Unnamed: 0,Price,Stock,Rating
count,10.0,10.0,10.0
mean,229.0,23.8,4.08
std,352.662886,14.905629,0.311983
min,25.0,5.0,3.5
25%,63.75,11.25,3.925
50%,90.0,22.5,4.05
75%,225.0,33.75,4.275
max,1200.0,50.0,4.5


## 3. Counting Values
- `value_counts()` shows the frequency of unique values in a Series.
- Use `normalize=True` to see percentages instead of counts.

In [24]:
df.value_counts(subset='Rating')

Unnamed: 0_level_0,count
Rating,Unnamed: 1_level_1
4.0,2
4.5,2
3.8,1
3.5,1
3.9,1
4.1,1
4.2,1
4.3,1


In [26]:
df.value_counts(subset='Rating', normalize=True)

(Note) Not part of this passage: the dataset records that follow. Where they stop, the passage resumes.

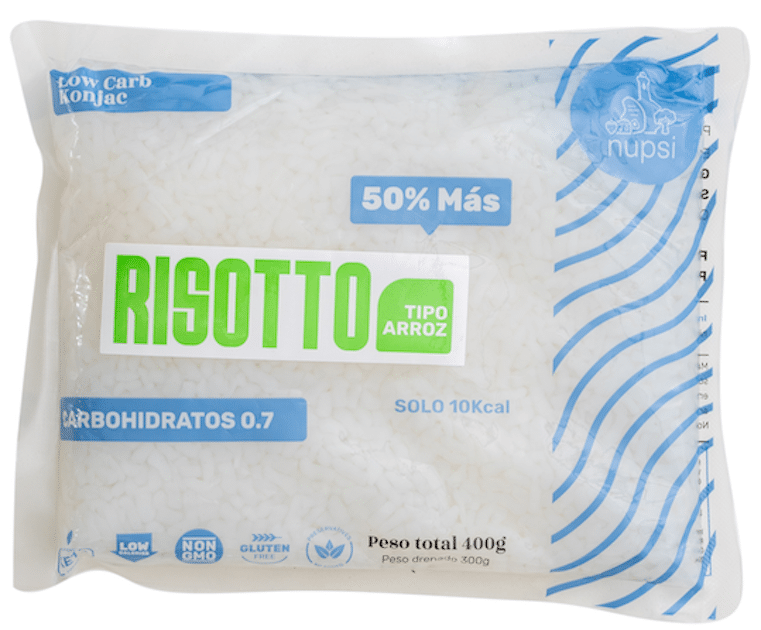 Nuestro Risotto viene en corte tipo arroz, y es la opción perfecta para preparar deliciosos platos como chaufa, paella, arroz con verduras, etc; es bajo en calorías y muy bajo en carbohidratos. Hecho de 100% puro Konjac.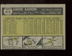 1961 Topps Baseball Card (#415) of Milwaukee Braves Hall-of-Fame Shortstop, Hank Aaron. Card is EX with some corner wear and a corner back crease in the lower right. No writing, pin holes, tape stains. Small ding in the lower left corner. See scan for centering.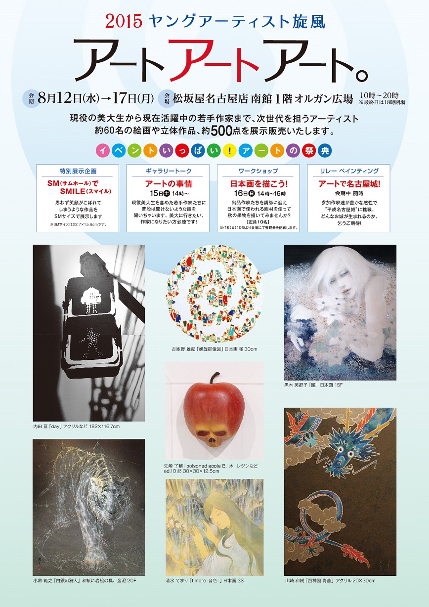 4月の「Animals展」から、6~8月に二ヶ所で「たんざく展」、「見参」「水着展」と明日から名古屋で始まる「アートアートアート」。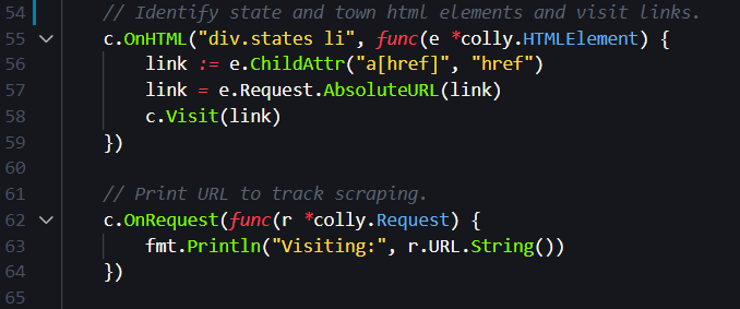 The next method that is called on line 62 is OnRequest which takes a function and executes that function when the collector makes an HTTP request to a website. Here OnRequest will print the visited website to the console. This allows us to track the collector as it traverses the different state and town websites in real time.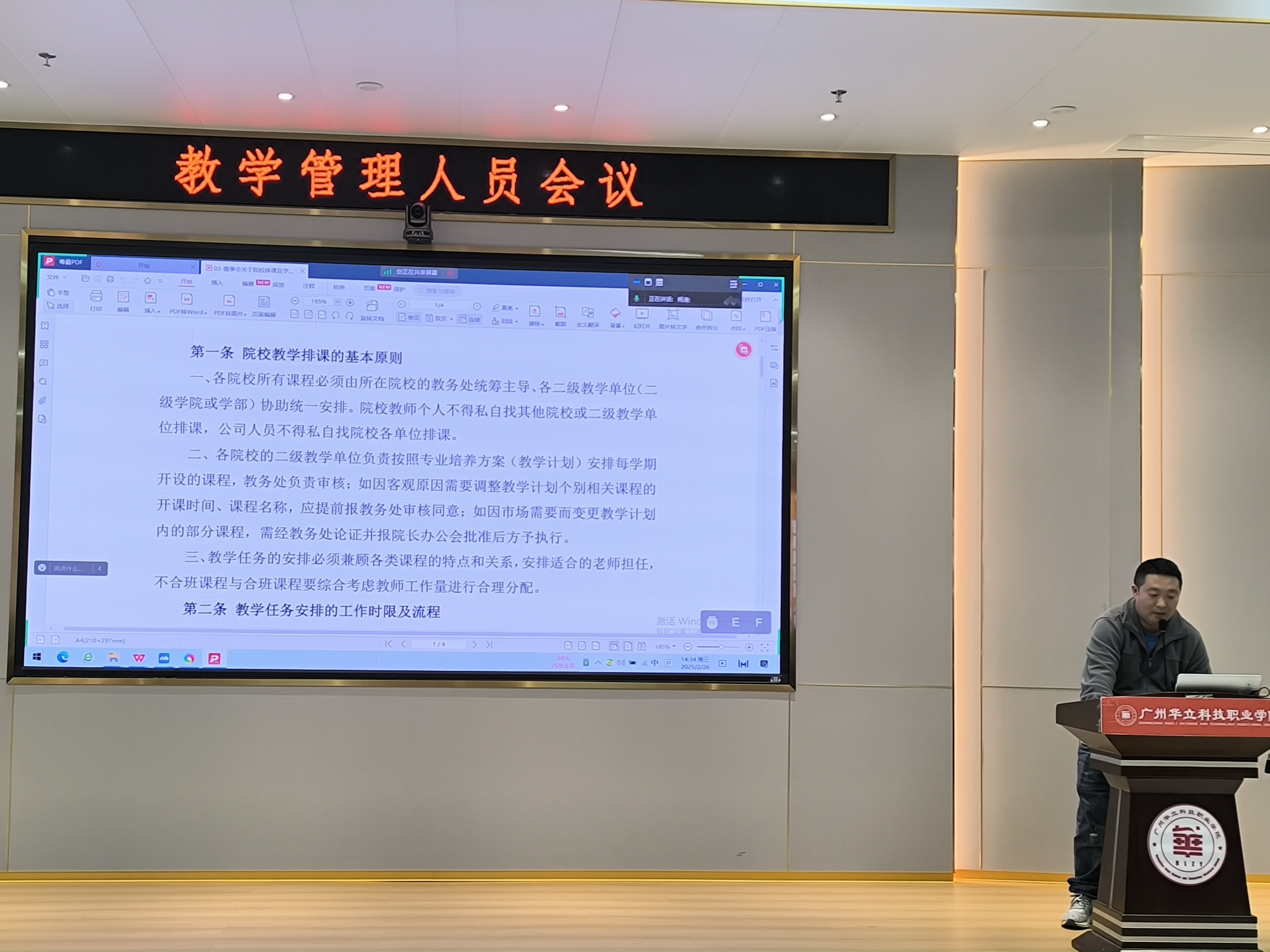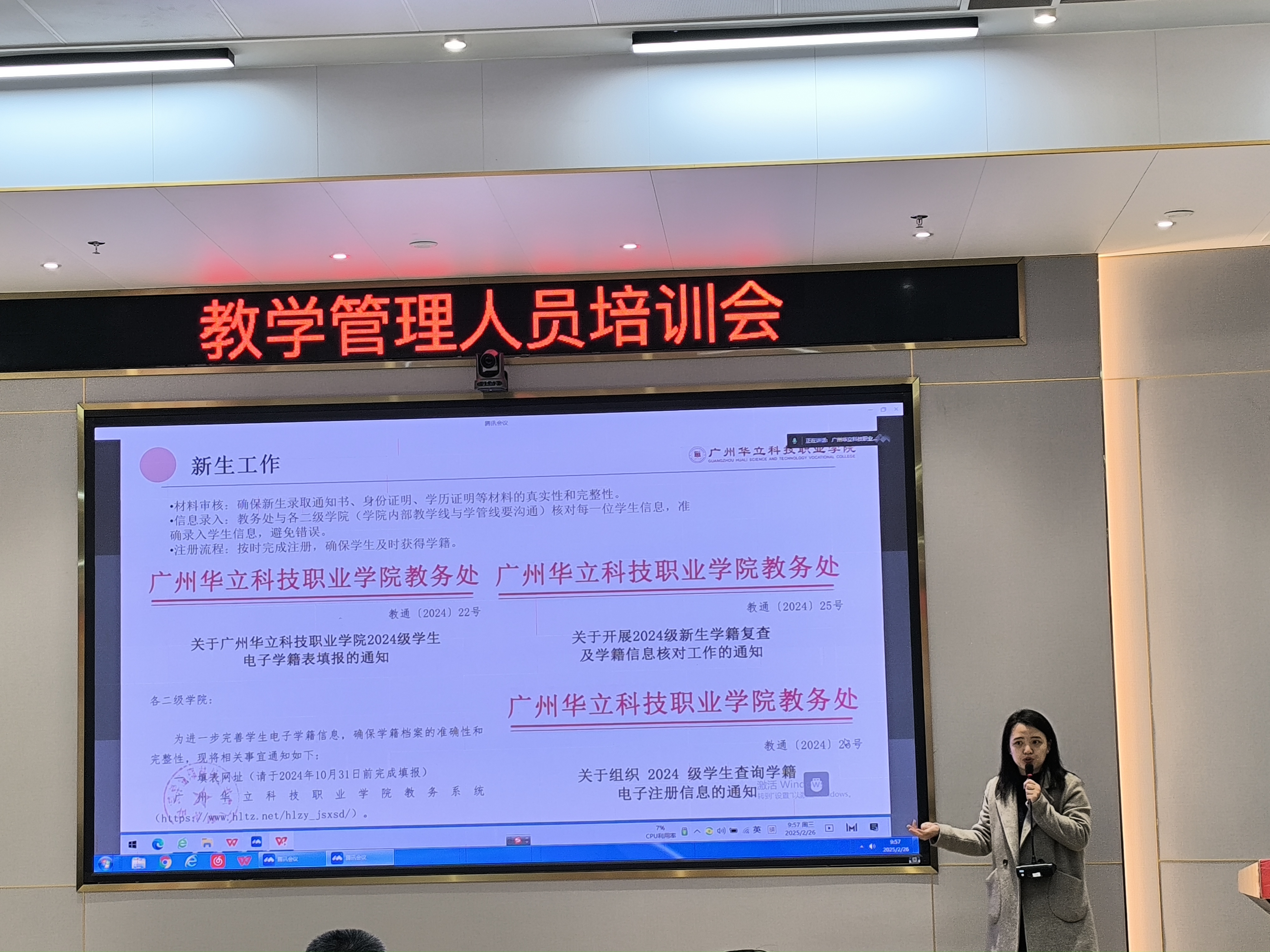 為進(jìn)一步加強(qiáng)教學(xué)管理隊(duì)伍建設(shè)、提高教學(xué)管理人員的政策水平和業(yè)務(wù)水平,2025年2月26日,教務(wù)處組織廣州、云浮兩校區(qū)同步召開(kāi)教學(xué)管理人員業(yè)務(wù)培訓(xùn)會(huì)。會(huì)議由教務(wù)處副處長(zhǎng)曾英姿主持,兩校區(qū)教學(xué)管理人員約100余人參加培訓(xùn)會(huì)。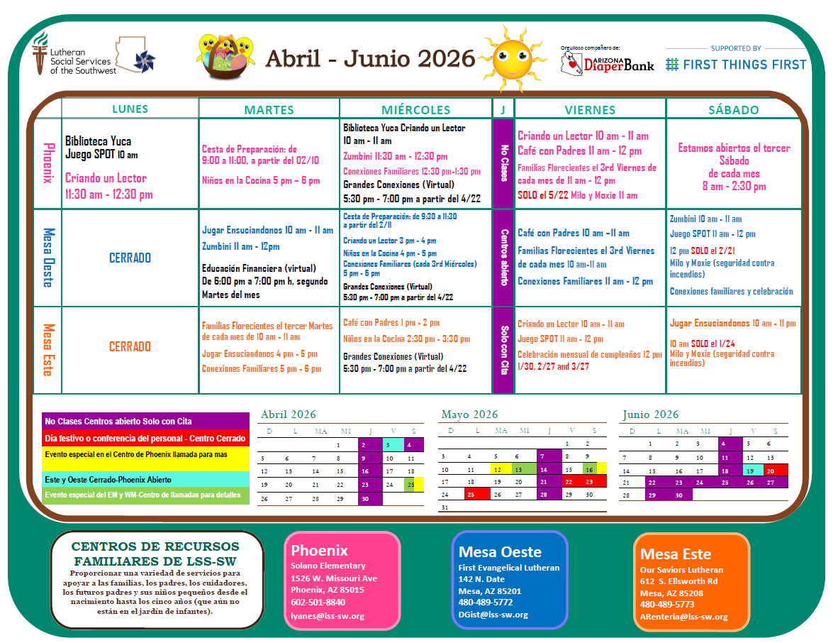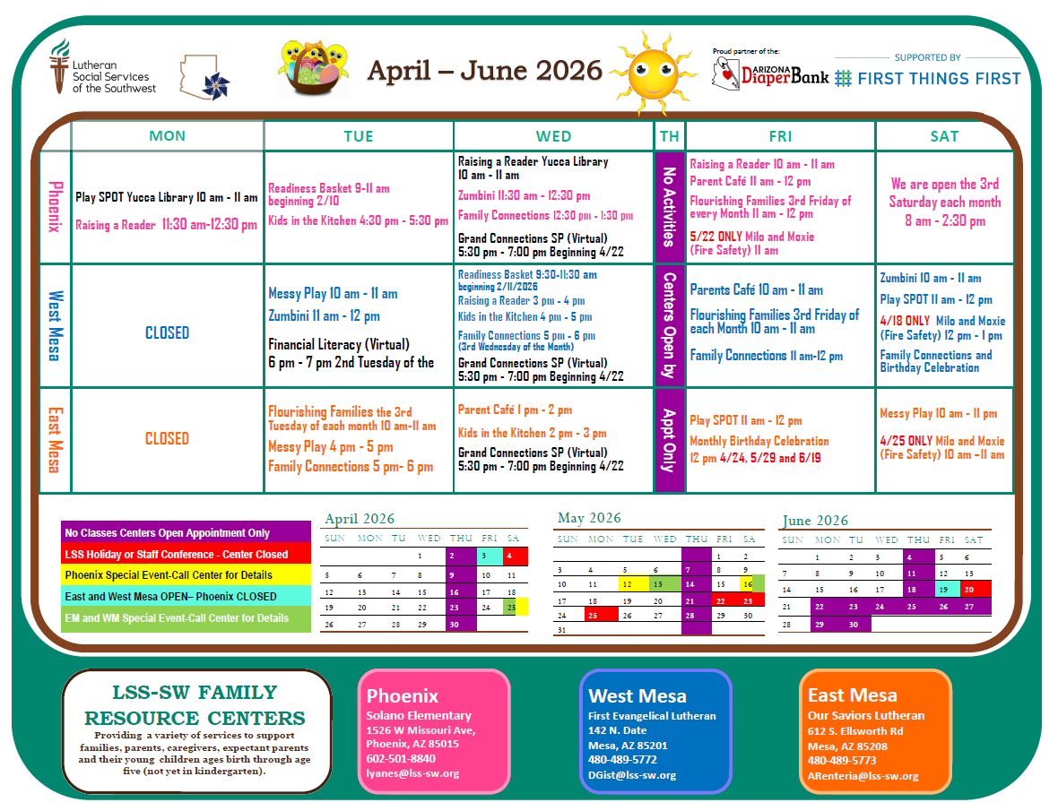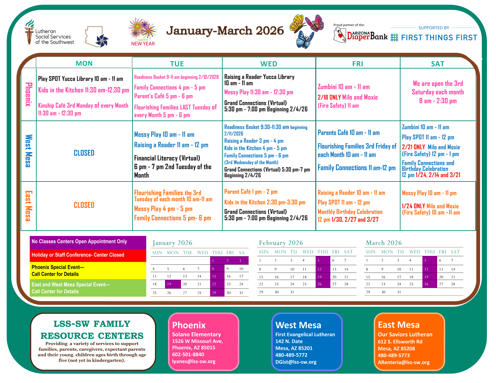 Lutheran Social Services of the Southwest Family Resource Centers, in partnership with First Things First, provide families with children birth to five years old access to information and links to the resources they need to be confident and capable in their ability to support their child’s safety, health and overall well-being.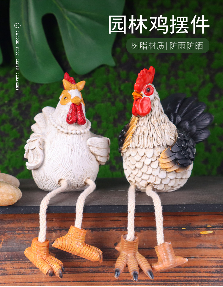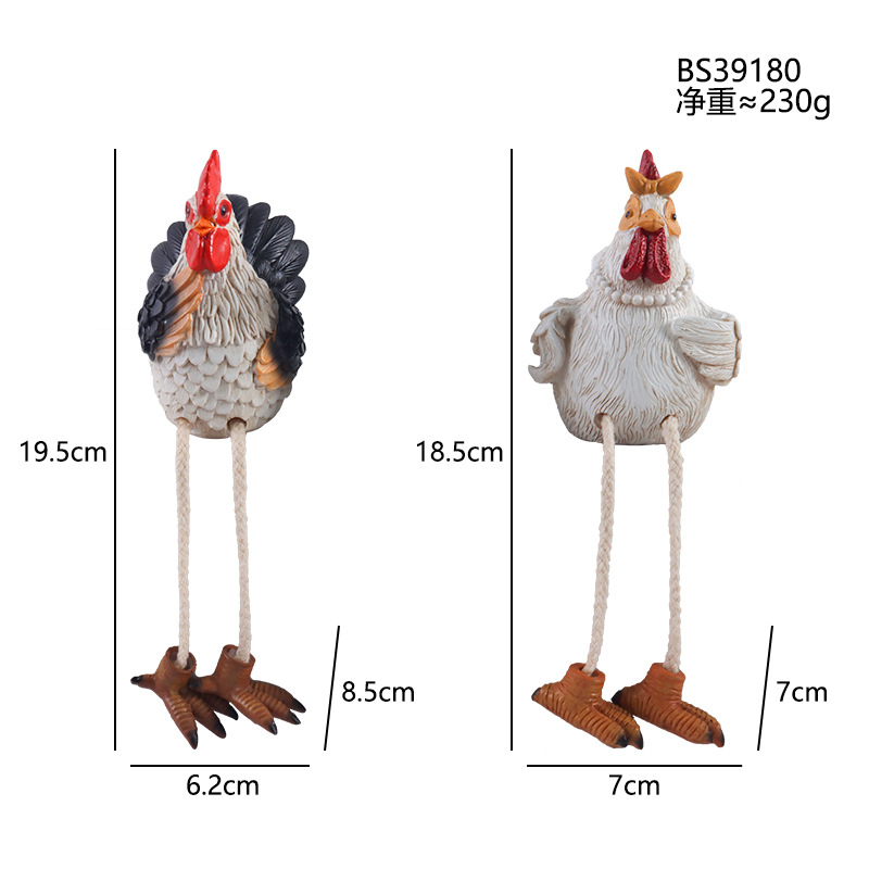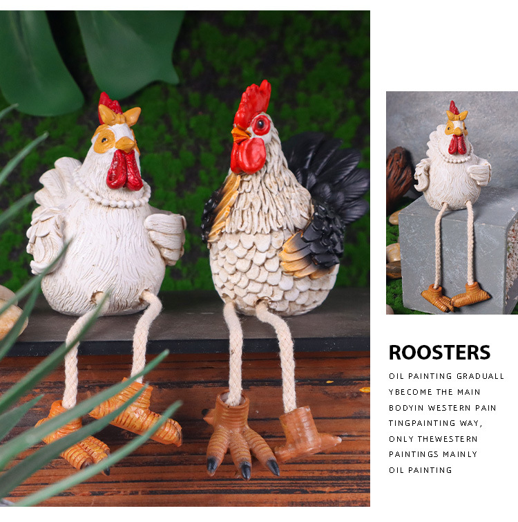 국경 간 창조적 인 홈 데스크탑 귀여운 장식 교수형 수탉과 암탉 장식품 수지 공예품 동상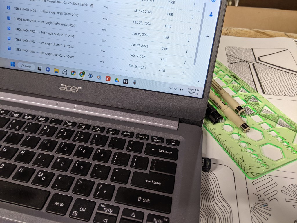 March 29, 2023 Thomas Typewriter Tagged art, bit by bit, designs, every bit, in progress, laptop, paper, pens, putting in the time, studio, Thomas Typewriter, work in progress, writing Leave a comment
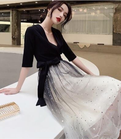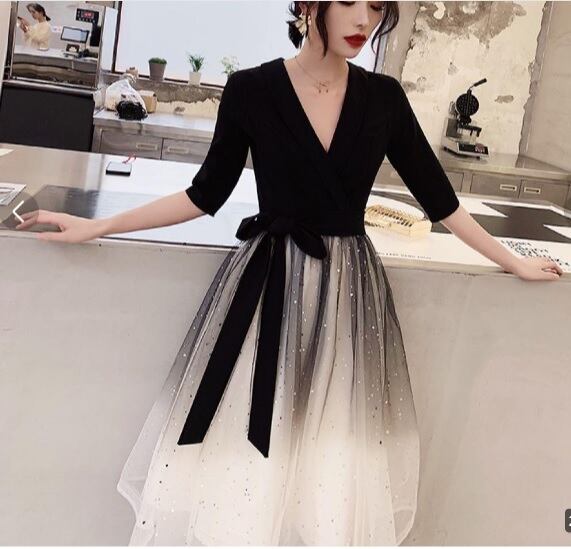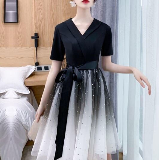 シフォンのミディアムドレスです。上半身は黒のポリエステル生地を使用し、ウエストから裾にかけては白のサテン地の上に白と黒のチュールを2枚重ねボリュームを出しています。またチュ-ルには全体的に星のビジュ-飾りが施されています。パーティやイベント、結婚式など、様々なシーンで、気品のある印象を与えてくれる一枚です。背中ファスナ-有。胸パッド付。ウエスト布ベルト付き(取り外し可能)。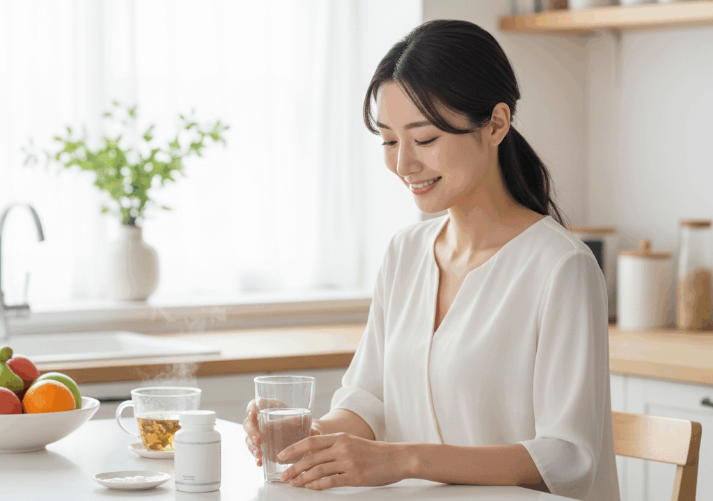 サプリメントは、効果を最大限に引き出すために水またはぬるま湯で服用することが基本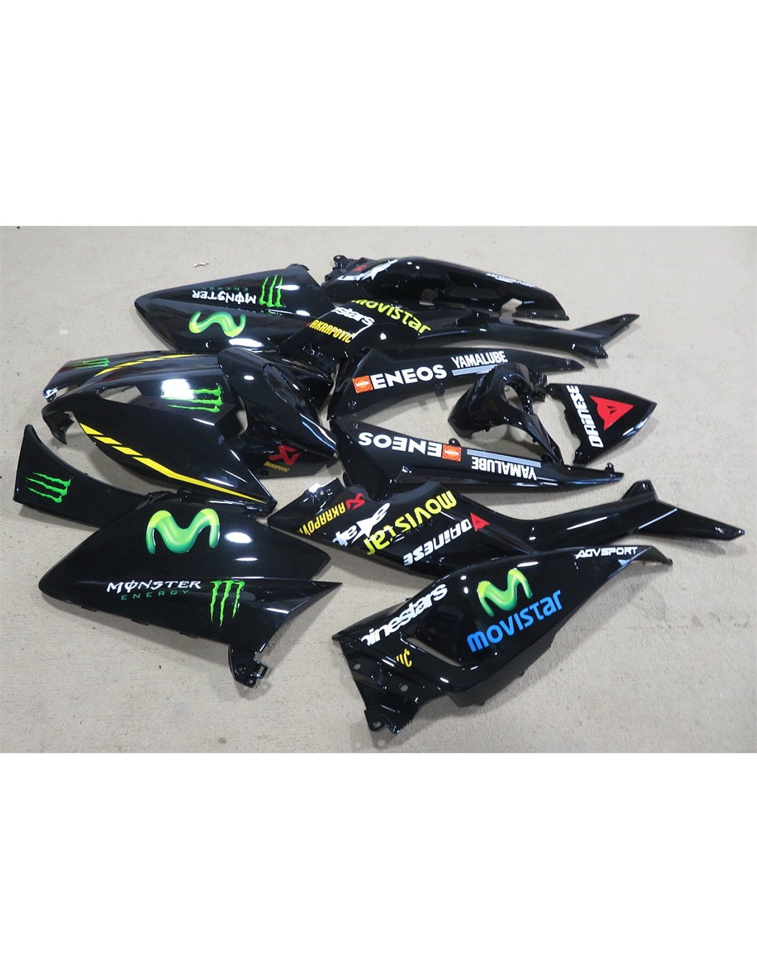 El kit de carenados incluye: carenado frontal, laterales de derecha y izquierda, quilla, colin, guardabarros delantero y todos los eventuales plasticos interiores negros.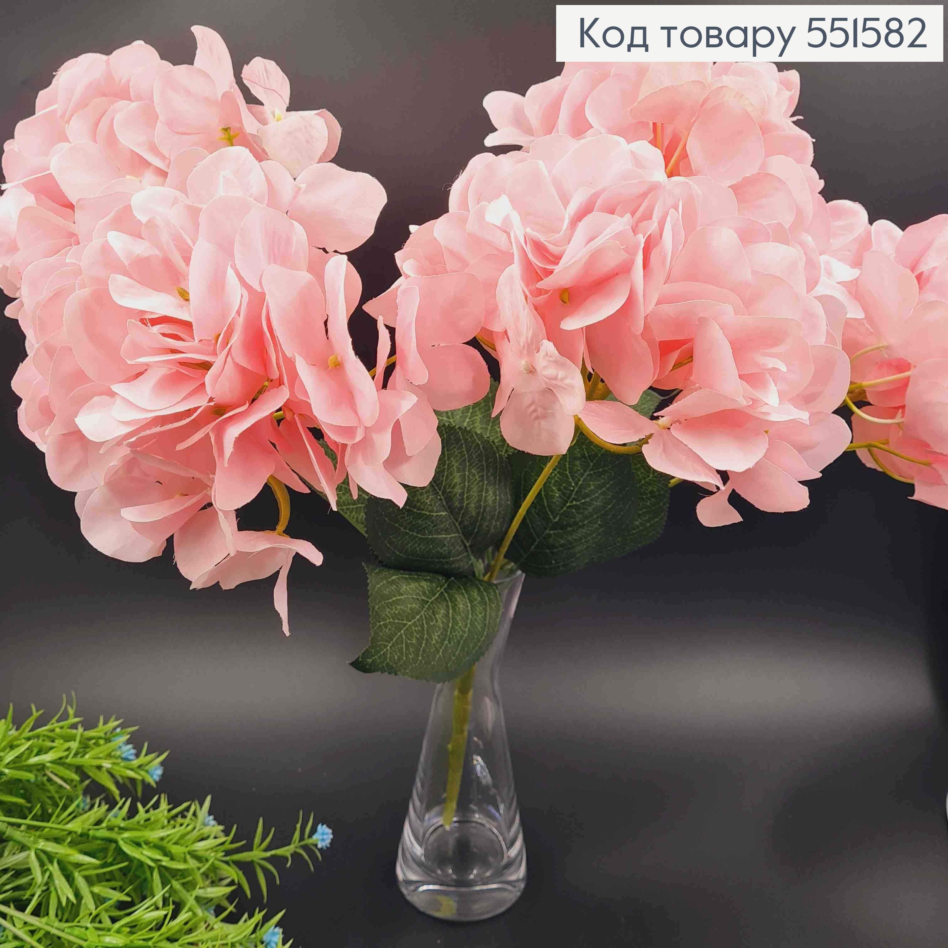 Искусственный цветок Гортензии, НЕЖНО-РОЗОВОГО цвета, высота 49см, на 5 веточек, на металлическом стержне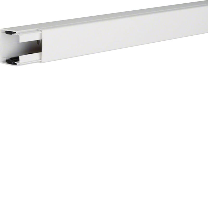 Asennuskanava PVC-muovista LF 40x40mm liikenteenvalkoinen RAL9016. Asennuskanava PVC-muovista, johtoreitiksi kaapeleiden pinta-asennukseen. Valmistettu standardin DIN EN 50085-2-1 mukaisesti. Toimitus sisältää kanavan kannen ja rungon, jossa on kiinnitysreiät 125 mm välein ja jatkokappaleet yksinasentamisen helpottamiseksi. Kanavaan on saatavilla tehdasvalmisteiset muoto-osat sisäkulma, ulkokulma, päätykappale, tasokulma ja T-kappale.

Unnamed: 0_level_0,proportion
Rating,Unnamed: 1_level_1
4.0,0.2
4.5,0.2
3.8,0.1
3.5,0.1
3.9,0.1
4.1,0.1
4.2,0.1
4.3,0.1


## 4. Correlation & Covariance
- `corr()` computes correlation between numeric columns.
- `cov()` computes covariance.
- Correlation values range from -1 (negative) to +1 (positive).

In [27]:
df.corr(numeric_only=True)

Unnamed: 0,Price,Stock,Rating
Price,1.0,-0.507335,0.46636
Stock,-0.507335,1.0,-0.060689
Rating,0.46636,-0.060689,1.0


In [29]:
df['Price'].corr(df['Stock'])

np.float64(-0.5073350363123069)

In [28]:
df.cov(numeric_only=True)

Unnamed: 0,Price,Stock,Rating
Price,124371.111111,-2666.888889,51.311111
Stock,-2666.888889,222.177778,-0.282222
Rating,51.311111,-0.282222,0.097333


## Mini Practice
1. Build a DataFrame with columns: Name, Age, Score, Height.
2. Sort the data by Score (descending).
3. Get mean, median, mode, and std of numeric columns.
4. Use value_counts on Name or any categorical column.
5. Compute corr() and cov() for all numeric columns.

In [25]:
# Write your mini practice solution here

# 1. Build a DataFrame with columns: Name, Age, Score, Height

# 2. Sort the data by Score (descending)
# Write your code here

# 3. Get mean, median, mode, and std of numeric columns
# Write your code here

# 4. Use value_counts on Name or any categorical column
# Write your code here

# 5. Compute corr() and cov() for all numeric columns
# Write your code here


---
## Summary
- Learned to sort by columns with `sort_values` and by index with `sort_index`.
- Explored descriptive statistics: mean, median, mode, std, describe.
- Counted values with `value_counts`.
- Calculated correlation and covariance.